I am just back from NYC where we launched this year's edition of the World Disasters Report to major donors, international media, humanitarian forums and, importantly, member states of the United Nations, including the wonderfully named UN office for the least developed countries, landlocked developing countries and small island developing states - or OHRLLS for short.

This last grouping is an extremely important constituency for the Red Cross not least because these states represent the vast majority of people 'on the receiving end' of climate change, which was a central theme of our report.

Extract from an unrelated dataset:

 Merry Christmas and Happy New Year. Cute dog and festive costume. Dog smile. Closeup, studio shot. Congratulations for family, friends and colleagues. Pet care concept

Called "Early Warning, Early Action", the report advocates for improving early warning systems, taking action in advance of disasters and especially, working closely with communities at risk to improve our knowledge about the humanitarian impact of climate change while sharing forecasting data in a way that can be understood and used to alleviate or avoid disasters.

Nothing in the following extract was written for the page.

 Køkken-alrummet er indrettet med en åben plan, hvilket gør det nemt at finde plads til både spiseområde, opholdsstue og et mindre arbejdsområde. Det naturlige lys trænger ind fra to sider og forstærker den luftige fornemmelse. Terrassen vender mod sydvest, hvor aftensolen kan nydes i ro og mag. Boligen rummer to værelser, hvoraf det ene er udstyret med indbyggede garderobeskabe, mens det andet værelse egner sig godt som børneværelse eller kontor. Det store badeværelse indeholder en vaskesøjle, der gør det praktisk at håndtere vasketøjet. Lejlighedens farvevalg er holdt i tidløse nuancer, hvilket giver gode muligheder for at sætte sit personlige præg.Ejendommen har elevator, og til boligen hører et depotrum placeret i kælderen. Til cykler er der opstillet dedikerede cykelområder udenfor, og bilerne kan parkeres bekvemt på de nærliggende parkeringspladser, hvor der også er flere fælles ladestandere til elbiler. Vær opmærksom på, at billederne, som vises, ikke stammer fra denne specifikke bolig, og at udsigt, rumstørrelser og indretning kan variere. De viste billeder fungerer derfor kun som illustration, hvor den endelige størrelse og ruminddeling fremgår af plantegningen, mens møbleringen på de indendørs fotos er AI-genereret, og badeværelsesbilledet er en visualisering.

It is an accepted fact these days that while the 'developed world' has created the circumstances that have led to climate change it is the 'developing world' that bears the cost, particularily in economic and humanitarian terms.

Our report shows how this cost has become truly disproportionate and alarm bells are now ringing to take responsibility and redress the balance. Here is a sample of some of the outcomes of the research:
  • 213 million people were affected by 329 natural (and 259 technological) disasters at a global cost of U$D181 billion.
  • Developing countries are by far the most affected bearing the brunt of 76% of all disasters.
  • 99% of people affected by disasters (through death, displacement, loss of livlihoods or assets for example) are from the developing world
  • 65% of economic losses occur in developing countries (this shows that economic losses are somewhat more equally distributed, especially compared to human costs).
  • 1% of economic losses are insured in developing countries (demonstrating why the Red Cross is often called the insurance company for the uninsured).
  • People living in developing countries have a 44 times higher chance of being killed by disasters than their counterparts in the developed world.
  • In the 1990's there were approximately 200 weather-related disasters per year; between 1999 and 2008 this had risen steeply to an average of 350.
These figures (and there are many more pages of similar stats) show that there is a moral imperative and responsibility to invest in developing countries' efforts to reduce the risks of disasters. Not only will this protect lives and livelihoods but it will safegaurd development gains for future generations.

Note about the picture above: In Haiti, church bells are rung to sound the alarm when storms and hurricanes approach. This is a good example of the types of effective early warning practices which the report advocates for.

Note about "Developing Countries" - definition of developing countries is a combination of medium and least developed countries in accordance with the UNDP's human development index.